I respectfully dissent for the reasons set forth in Twente v. Ellis Fischel State Cancer Hospital, 665 S.W.2d 2 (Mo.App.1983); Kanagawa v. State By and Through Freeman, 685 S.W.2d 831 (Mo. banc 1985); and Donahue v. City of St. Louis, 758 S.W.2d 50 (Mo. banc 1988), decided contemporaneously herewith. I do not believe that this is the kind of dangerous condition of property contemplated by either the Seventy-Ninth General Assembly, Second Regular Session, 1978, or the Eighty-Third General Assembly, First Regular Session, 1985.
Between the 1985 amendment which makes all governmental entities fully responsible for negligent, defective or dangerous design of roads and highways and the holding of the majority herein, sovereign immunity has been as effectively abrogated today as it was by the decision of Jones v.
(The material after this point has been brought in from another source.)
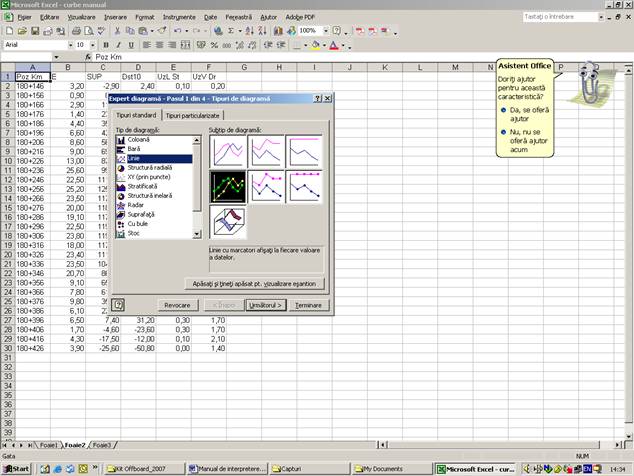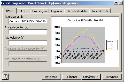 Se da Next> (Urmatorul) apare ecranul cu Optiunile diagramei unde se trece titlul dorit pentru acea diagrama (de regula se trece poz km a curbei)

State Highway Commission, 557 S.W.2d 225 (Mo. banc 1977) and every governmental entity in the state is facing the same financial disaster which they faced in 1978.
*543I know of nothing in the Constitution requiring judges to bury their heads in the sand and to ignore reality while placing their approval on litigation such as is here involved. The appellant herein had to be covered and protected by workers’ compensation. The State, I am confident, would not contract with uninsured service companies. If a recovery is permitted, the insurer of the workers’ compensation will be subrogated1 to get back all it has paid (less attorney’s fees and expenses) and the appellant will get the excess recovered (less attorney’s fees and expenses). Surely there is a better use for taxpayers’ funds than pouring them into such litigation.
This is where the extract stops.